私は自分にあてがわれた部屋のベッドに腰掛け爪を鑢で擦っていた。
もちろん、切った爪の形を整えるためだ。
ちゃんと整えていないと何故だか知らないがイライラする。今まで知らなかったがきっとそういう性分なのだろう。
爪を整え終え立ち上がり、ベッドの近くの小さな机の上に鑢を置いておく。
鑢を返すのは別に明日でも構わないだろう。
わざわざ返しに行くのも面倒くさい。
立ち上がったついでに壁に立て掛けておいたデルフを手に取り再びベッドに腰掛ける。
そしてデルフを鞘から喋れる程度に引き出して自分の隣に置いた。
なぜそんなことをするかというと、もちろんデルフと喋るためだ。
こうしたデルフと喋る時間を最近は頻繁に設けている。
もちろんデルフとの距離をより縮めるためだ。
このまま頻繁に喋るようになればさりげなくデルフと呼びかけれるようになるかもしれない。
あわよくばさりげなく名前で呼ぶようにいえるかもしれないしな。
「おい相棒。あの猫どっか行っちまったぜ」
「知ってるよ。私のところに来たからな」
いつも思うがデルフはどうして喋れるようになった瞬間いつも話しかけてくるのだろうか?
そんなに喋るのが好きなのか?それはそれで別に構わないんだが。
「相棒のところに行ったんならどうして戻ってきてねえんだ?」
「悪戯好きにはお灸も必要だろ?」
「何があったか知らねえけど、やりすぎんなよ。相棒はどうもやりすぎる気があるからな」
デルフがそういうのならそうなのかもしれないな。
「相棒はさ、なんていうか自分のことをあんまり知らないって感じがするな」
「えっ?」
デルフがいきなりそんなことを言い出したので思わず声が出てしまう。
落ち着け私。
「どうしていきなりそんなことを?」
「いんや、なんとなく。ただそんな感じがしただけだ。深い意味なんてねえよ」
デルフを見詰めてみる。
デルフの言う通り私は自分のことをあまり知らない。
私には人生があった、はずだ。
はずというのも私は生前の記憶を殆んど失っているからだ。
そしてデルフは、自分が言うには長く存在し続けたせいで記憶が劣化して忘れていることが多々あるらしい。
それは私と似たような状況ではないだろうか?
だから本能的に私のことを察した……かもしれない。
「どうしたんだ相棒?急に俺を見詰めだしたりなんかして」
「いや、なんでもない」
「ふーん。まあいいけどね」
お前のことを考えていたなどと素直に言えるものか。
まあそんな風にデルフとの会話を楽しんでいると突然ドアが開く音がした。
「誰だ?」
ドアのほうを見てみるとドアが少し開いていた。
ノックの音はしなかった。普通この部屋に来るのはシエスタかルイズくらいなものだろう。

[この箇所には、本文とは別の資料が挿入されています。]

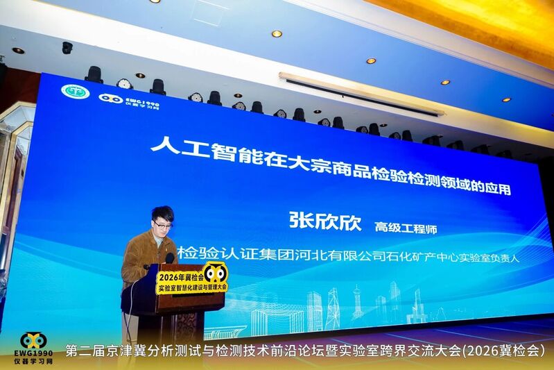 近日,第二届京津冀分析测试与检测技术前沿论坛暨实验室跨界交流大会(2026年冀检会)在石家庄隆重举办。本次大会以“汇聚创新力量,赋能京津冀地区检验检测技术发展”为主题,汇聚行业专家、企业代表与科研机构,共话检测技术创新与实验室智慧化发展。中国中检河北公司受邀参会,并在大会主论坛作人工智能在大宗商品检验检测领域应用专题报告,系统展示了中国中检在智慧检测、智能装备应用、数字化实验室建设等方面的实践应用。

しかしそのどちらもノック位するはずだ。いきなりドアを開けたりはしないだろう。
暫らくドアのほうを向いていたがドアは開いているだけで誰も入ってくる気配が無い。一体どういうことだろうか?
いくらこのドアが軽く押せば開くからといって勝手に開くということは無いだろう。
もしかしてガキの悪戯か?
そう思い始めたとき、ドアの下のほうから何かが出てきた。
それは……ガキ共に渡してきた子猫だった。
ふかふかだった毛はその面影を残さずにあちらこちらに跳ね返っており、憔悴してますと言わんばかりにヒゲは垂れ下がっている。

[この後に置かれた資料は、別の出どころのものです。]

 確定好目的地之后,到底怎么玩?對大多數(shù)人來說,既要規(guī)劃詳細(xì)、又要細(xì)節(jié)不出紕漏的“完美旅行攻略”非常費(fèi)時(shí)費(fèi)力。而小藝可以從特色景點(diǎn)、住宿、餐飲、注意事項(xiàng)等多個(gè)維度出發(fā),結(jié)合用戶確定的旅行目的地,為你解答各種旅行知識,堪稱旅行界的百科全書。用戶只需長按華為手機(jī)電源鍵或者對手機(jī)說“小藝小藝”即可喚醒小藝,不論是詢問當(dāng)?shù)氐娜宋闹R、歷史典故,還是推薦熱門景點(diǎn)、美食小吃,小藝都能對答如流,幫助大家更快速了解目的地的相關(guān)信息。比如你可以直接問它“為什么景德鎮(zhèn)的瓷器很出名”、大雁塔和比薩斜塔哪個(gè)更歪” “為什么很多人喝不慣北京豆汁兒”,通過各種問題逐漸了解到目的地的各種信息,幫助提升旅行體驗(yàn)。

右の前足にはリボンのような包帯のような何かが絡まっており、それは左の後足に結び付けられていた。
左の前足にもそれはついており、左の前足は尻尾と結び付けられていた。
さらによく見ると右の後足は右の前足に結び付けられている。
いや、好きにはしていいいと言ったが、
「さすがに可哀想だな」
きっとその格好でガキ共から逃れこの部屋までたどり着いたのだろう。
よくここまでそんなものつけながらよくここまでたどり着いたものだ。
立ち上がり猫を抱き上げドアを閉める。
そしてベッドに座ると猫に結び付けてあリボンのような紐を外していく。さすがにこれだけやられていれば、もう何かしようなんて気も失せる。

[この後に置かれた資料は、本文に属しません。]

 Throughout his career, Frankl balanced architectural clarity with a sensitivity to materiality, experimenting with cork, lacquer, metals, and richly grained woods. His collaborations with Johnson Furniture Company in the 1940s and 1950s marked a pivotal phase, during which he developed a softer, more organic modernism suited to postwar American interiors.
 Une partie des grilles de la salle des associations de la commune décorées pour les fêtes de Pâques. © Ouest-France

「やっぱりさ。相棒はその猫が好きなんだって。好きじゃなけりゃ相棒ぜってーそんなことしねえぜ」
私はこの子猫を殺したいと何度も思った。
しかしそれらはその場限りの一時的な感情に過ぎない。
もしその感情を実行に移してもある程度いじめただけで殺しはしなかっただろう。
私は、この猫が好きなんだろうか?
猫の乱れまくった毛を手で撫でながら整える。
今出せる結論としては、私はこの猫を嫌ってはいないな。デルフのように好きなのかどうかはまだ分からない。
「明日からちゃんとメシを食わせてやるさ」
とりあえず様子を見ていればそのうち分かるだろう。
毛を整え終え猫をベッドに置く。猫は余程疲れていたのかすぐに寝息を立て始めた。
それを見ながら私もベッドに横になる。
明日に備えてもう寝てしまおう。
「デルフリンガー。誰かが来たら起こしてくれ。私は寝る」
「あいよ」
デルフの返事を聞きながら私は毛布を被った。
ついでにこっそりと猫にも毛布を被せた。

そして私は夢を見た。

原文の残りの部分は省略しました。